The purpose of the current study differs from previous reports on the above pathophysiological etiologies, because we focused specifically on late-onset circulatory instability, which is usually prominent after the first week of life in preterm infants. AOP was defined as postnatal steroid treatment for late-onset (after the first week of life) adrenal insufficiency in premature infants. To elucidate the pathogenesis of this disorder, a comparison of steroid hormone concentrations between infants with and without AOP is required. However, measurements of cortisol concentrations in preterm infants suspected to have adrenal insufficiency have been inconsistent, perhaps because of use of different methods for measurement of cortisol in blood samples. Immunoassays for measuring hormone concentrations are sensitive enough to detect small amounts of steroid hormones, but cross-reactivity of antibodies is sometimes a problem. To avoid these problems, HPLC and a gas chromatography-mass spectrometry (GC-MS) assay system were used in this study. A patient-matched control comparative study was performed using the GC-MS assay system to measure steroid hormone concentrations, with the aim of elucidating the pathogenesis of late-onset AOP among preterm infants.

PATIENTS AND METHODS

Patients.

Preterm infants with a gestational age of less than 32 wk without major congenital anomalies and who survived until discharge were eligible for the study. Infants treated with glucocorticoids for any reason before onset of AOP were excluded. The gestational age was determined by an obstetric examination with ultrasonography. Infants weighing less than the 10th percentile of the normal birth weight curve at each gestational age were defined as light-for-date. Antenatal steroid usage was defined as administration of corticosteroids to accelerate fetal lung maturity; infants who received antenatal steroids were not excluded from the study.

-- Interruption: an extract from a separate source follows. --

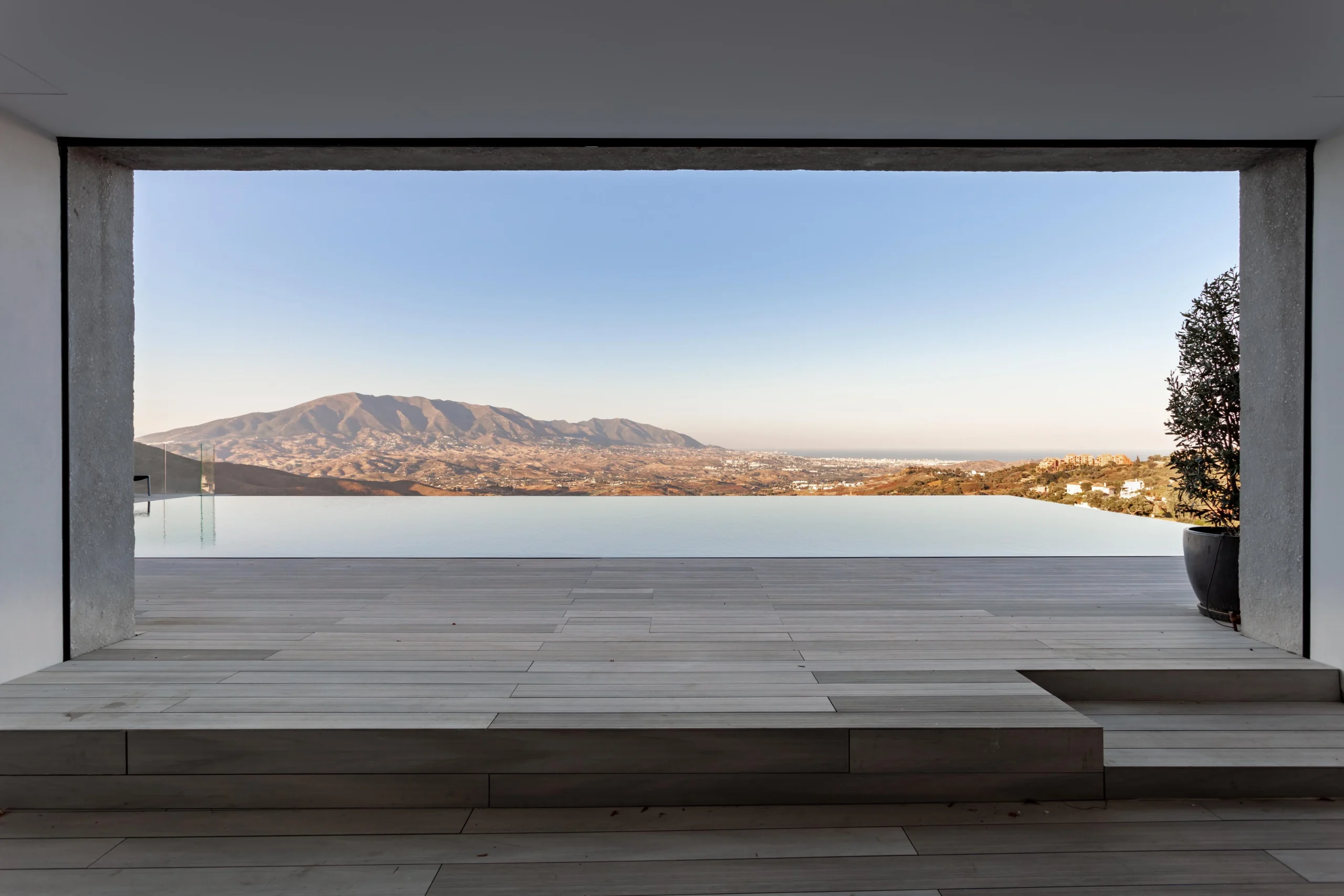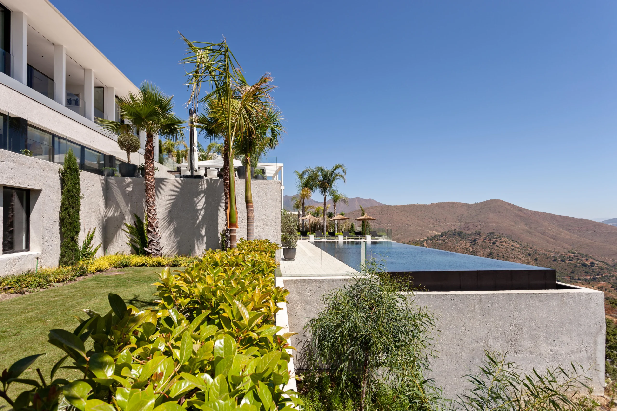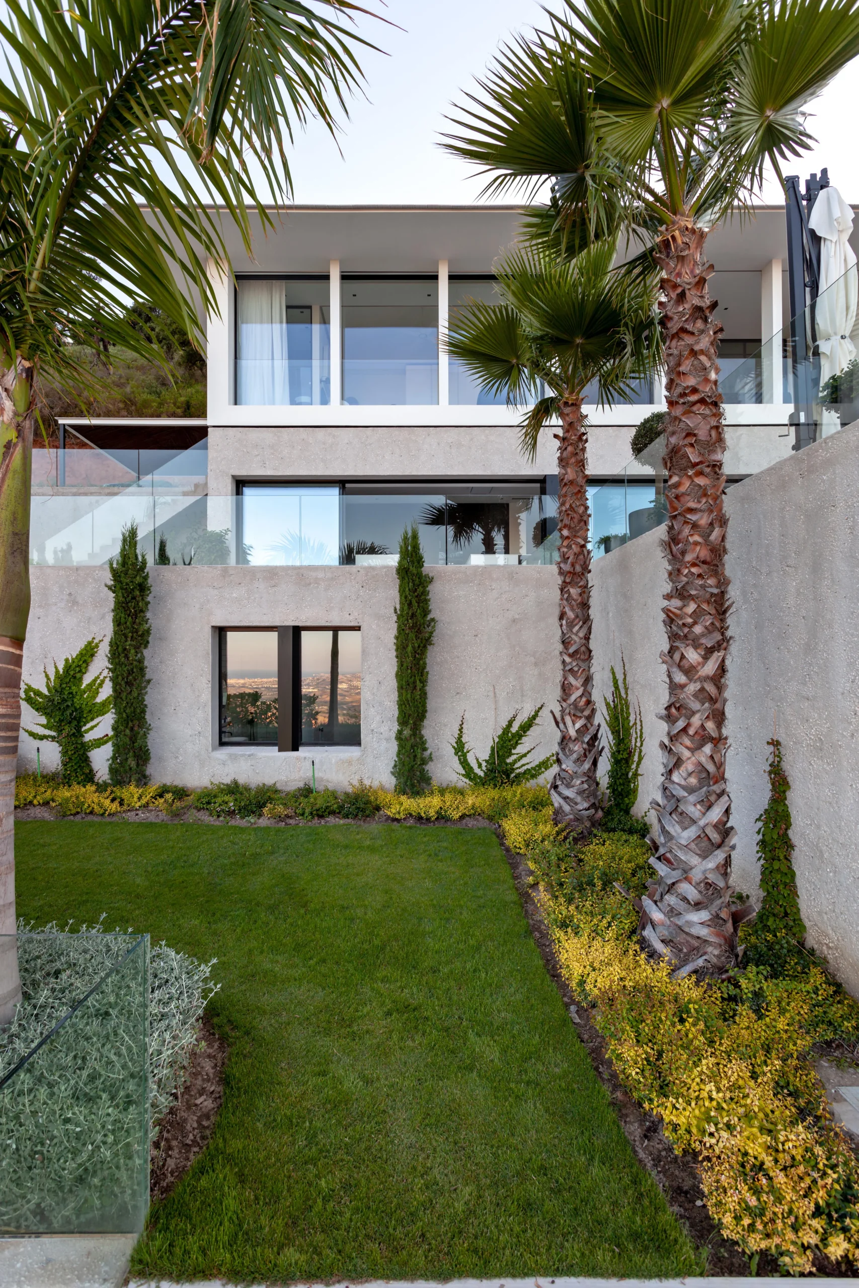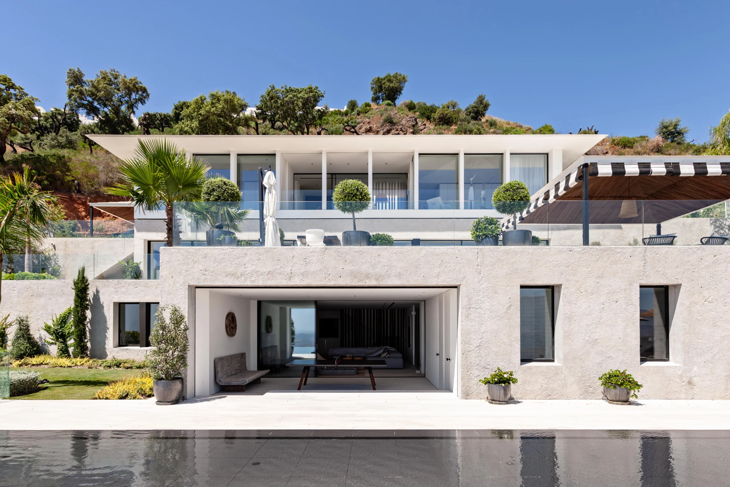 Marbella house is a residential development in the hills to the northwest of Marbella. Our proposal for Marbella house had to follow the steep incline of the land. The result is an upside down and back to front house: the main bedrooms are on the entrance floor with the large living and entertaining spaces on the floors below; and the front of the house is a mute blank wall, while the back of the house is a series of full width glass windows and doors overlooking the landscape.

Criteria of adrenal insufficiency.

There are no definitive diagnostic criteria for adrenal insufficiency in preterm infants, and therefore independent guidelines are used for glucocorticoid treatment in our neonatal intensive care unit (NICU), with diagnostic criteria determined based on our previous clinical observations. Our analysis indicates that about 30% of infants with at least one of the diagnostic criteria and more than 80% of infants with two of these criteria develop glucocorticoid-responsive severe hypotension within 12 h. Therefore, when more than two of the following five signs are clearly present in a preterm infant at more than 1 wk after birth, a replacement dose of hydrocortisone (1–2 mg/kg/dose) is administered. Adrenal insufficiency is diagnosed when all signs are improved within 6 h after treatment without other supportive treatment.

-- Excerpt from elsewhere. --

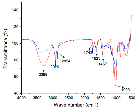 The bands appearing between 1500–500 cm−1 are the products of several types of bond vibrations, which is why it is often difficult to assign their origin to a particular band. In addition, these bond vibrations originate from a strong interaction between neighboring bonds. This complex region is often known as the fingerprint and can vary from one subsample to another [102]. However, characteristic bands of certain families of compounds can be identified. In this case, a high band between 1100 and 1000 cm−1 is commonly associated with the presence of complex carbohydrates (cellulose) [102], which was observed in the samples from the present study (Figure 1).

The five signs of adrenal insufficiency in VLBW infants are hypotension, oliguria, hyponatremia, lung edema, and an increased demand for oxygen treatment. Respiratory instability was included because there is a strong association between adrenal insufficiency and development of chronic lung disease (CLD) in preterm infants (17). Hypotension is defined as a systolic pressure of <40 mm Hg or a 20% reduction from the previous value; oliguria as urine output of <1 mL/kg/h during a 4-h interval; and hyponatremia as a serum sodium concentration of <130 mEq/L or a rapid decrease of >5 mEq/L. Lung edema is diagnosed by chest x-ray examination. Increased oxygen treatment is defined as a rapid increase in the fraction of inspired oxygen by >0.1.

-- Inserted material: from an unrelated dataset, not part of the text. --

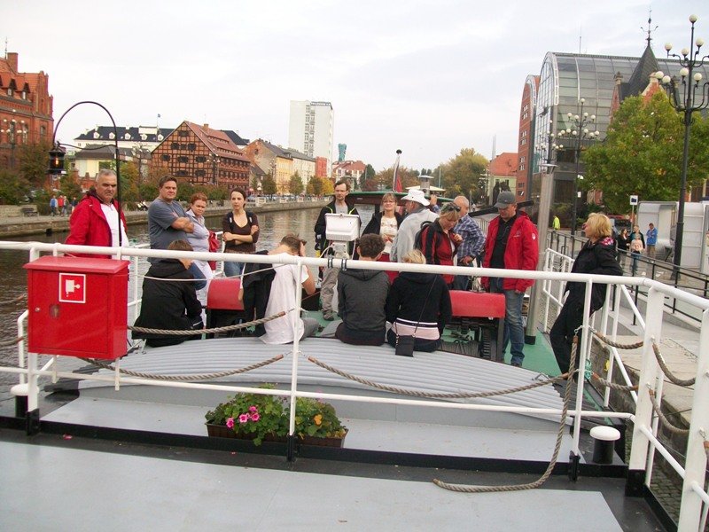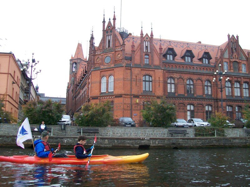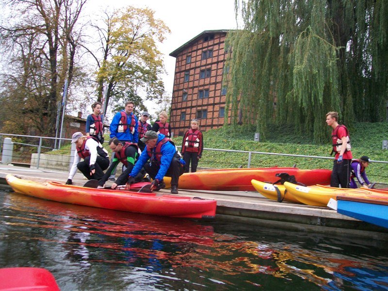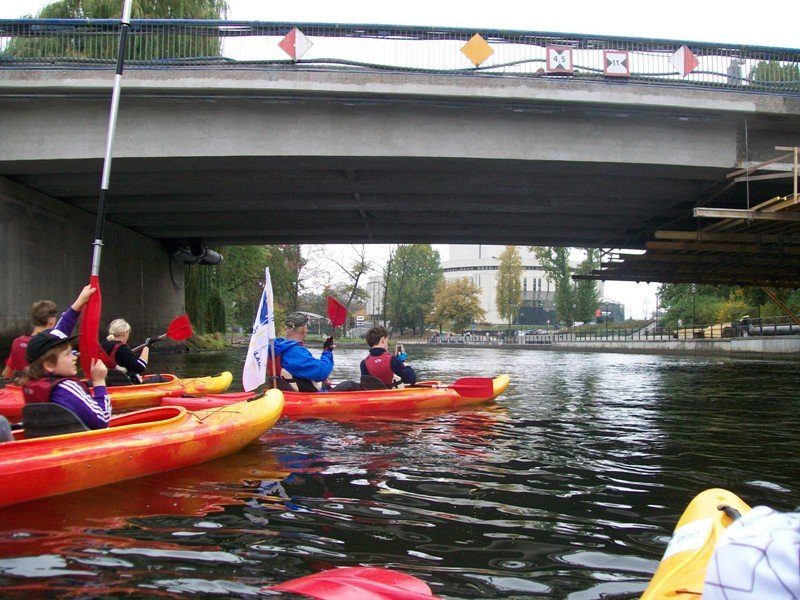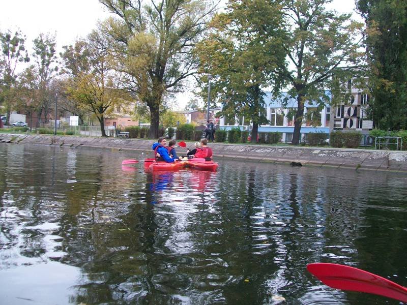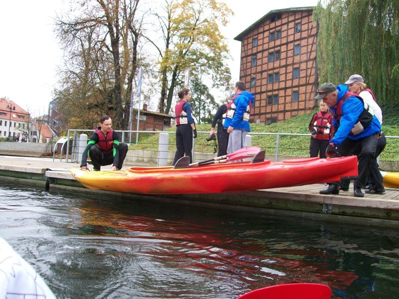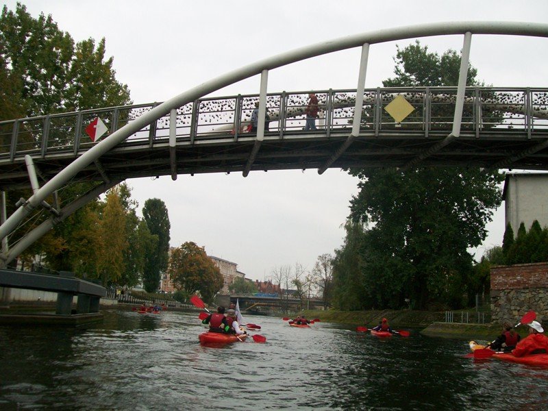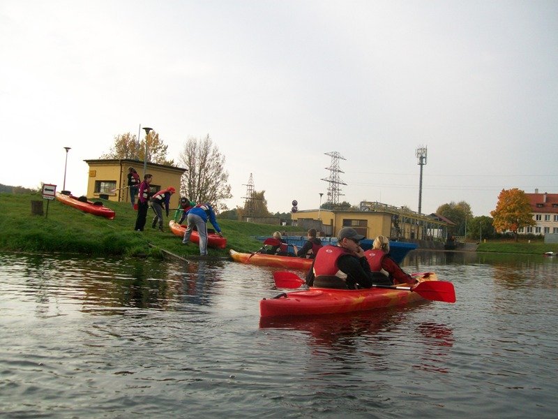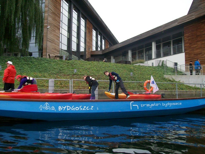 11 października członkowie Stowarzyszenia pod Żaglami wraz z rodzinami udali się na całodzienną wycieczkę do Bydgoszczy. Jak przystało na prawdziwych „wodniaków” głównym celem wyprawy był spływ kajakowy po Brdzie. Po dwu godzinnej podroży do Bydgoszczy dotarliśmy do dzielnicy Smukała, gdzie rozpoczęliśmy wodną przygodę. Na samym początku, przy elektrowni wodnej czekała nas przenośka. Sprawnie ominęliśmy przeszkodę i ruszyliśmy w dalszą drogę, płynąc wartkim nurtem Brdy. Woda w rzece była nieskazitelnie czysta co dawało nam możliwość obserwacji podwodnego świata. Była także sposobność obserwacji pięknych barw polskiej jesieni wraz z otaczającym nas światem ornitologicznym. Po przepłynięciu ok. 5 km, w okolicach bydgoskiej dzielnicy Jachcie odbyło się ognisko, na którym gościliśmy seniorkę Bydgoszczy – Panią Bogumiłę, która pomogła nam w zorganizowaniu terenu pod ognisko i umiliła nam czas opowieściami na temat miasta i historii związanej z Brdą. Po mile spędzonym czasie i wręczeniu małych upominków uczestnikom spływu, udaliśmy się w dalszą kajakarską podróż w kierunku centrum Bydgoszczy, gdzie podziwialiśmy miasto od strony rzeki, oglądając piękne historyczne budowle jak np.: mosty kolejowe, budynki przychodni kolejowej, śluzę z 1908 r.oraz spichrza wraz z panorama starówki. W końcowym etapie spływu czekała na nas jeszcze jedna przenośka – na rzecze Młynówce (zakolu Brdy), przy Przystani wodnej. Nie obyło się bez pamiątkowych zdjęć pod „Przechodzącym przez rzekę” - rzeźbą zawieszoną na linie, balansującą nad rzeką Brdą, w pobliżu mostu im. Jerzego Sulimy-Kamińskiego. Spływ kajakowy zakończyliśmy na Wyspie Młyńskiej. Po załadowaniu kajaków na przyczepę ruszyliśmy w kierunku bydgoskich muzeów. Zwiedzanie rozpoczęliśmy od Muzeum Leona Wyczółkowskiego, gdzie Pani przewodnik wprowadziła nas w klimat XIX w. malarstwa artysty, w którym został przedstawiony świat malarza portrecisty i rodzinnego domu. W muzeum mogliśmy zaobserwować oryginalne rzeczy: meble, ordery, zdjęcia, grafiki z pracowni Leona Wyczółkowskiego. Udaliśmy się również do Muzeum Okręgowego, gdzie była czasowa wystawa związana z kanałem bydgoskim, który w tym roku obchodzi swój jubileusz. Po wysłuchaniu historii kanału i żeglugi śródlądowej udaliśmy się do Muzeum Archeologicznego, w którym zostały przedstawione eksponaty z okresu średniowiecza i początków kształtowania się osadnictwa wczesnomiejskiego miasta Bydgoszczy. Eksponaty zebrane w muzeum zostały wykopane z wykopalisk archeologiczny z okolic m.in. miasta Bydgoszczy, Fordonu, Pakości, Świecia, Inowrocławia. Muzeum Archeologiczne zaprezentowało nam również formę pokazów multimedialnych, w których można było m.in.: układać cyfrowe puzzle, zrobić sobie pamiątkowe zdjęcie w zbroi rycerskiej czy przeglądać się w cyfrowej studni. Na koniec udaliśmy się do barki Lemara, która jest wodowana na Brdzie, gdzie mogliśmy dowiedzieć się o znaczeniu barek w żegludze śródlądowej i życiu rodzinnym szypera. W końcowej części wyprawy udaliśmy się do klubu żeglarskiego „Kubryk”, gdzie we wspólnym gronie, przy ciepłym posiłku mogliśmy podsumować tegoroczne spływy i działalność stowarzyszenia. Na koniec przeszliśmy starówkę podziwiając zabudowę miejską wraz z Kościołem Farnym i z wielkim sentymentem, zachowując w pamięci piękno miasta zostawiliśmy Bydgoszcz z nadzieją, że w niedługim czasie tu wrócimy. Szczególne podziękowania dla Izy i Macieja za zorganizowanie spływu - było super. Dziękujemy!!! Serdeczne podziękowania dla Stowarzyszenia Światowid i sponsorów, dzięki którym udało się zorganizować wyprawę.

If an infant shows deterioration, including more than two of these signs, then other causes of illness besides AOP, such as infection, anemia, patent ductus arteriosus, and hypovolemia, were first ruled out. Especially, hypovolemia was evaluated based on the total size of the heart on chest x-ray, echographic measurement of the size of the inferior vena cava and the left ventricular diastolic diameter, and the blood flow pattern of peripheral arteries such as the renal and supermesenteric arteries. Thereafter, replacement treatment was administered. Infants who did not respond to this therapy within 6 h were excluded from the study. Infants with early neonatal hypotension (defined as hypotension occurring less than a week after birth) were also excluded.

Sample collection.

Once adrenal insufficiency was suspected according to the diagnostic criteria, 100 μL of blood was obtained before administration of glucocorticoids. Infants without adrenal insufficiency were identified as matched controls in terms of gestational week, within a difference of a week. During a routine check-up, the same amount of blood was collected from controls in the same week after birth as the patients. Finally, if the control infants did not show any signs of adrenal insufficiency during the stay in the NICU, they were formally assigned to the control group. However, potential control infants who were found to be suffering from adrenal insufficiency after blood sampling were included in the patient group and another infant was chosen as a control. If no matched infants could be found for a particular patient, the patient was excluded from the study. The study groups were not masked, but all clinical decisions and interventions were performed by the attending physicians and were basically similar for the two groups. Blood specimens were centrifuged immediately and stored at −70°C until assay.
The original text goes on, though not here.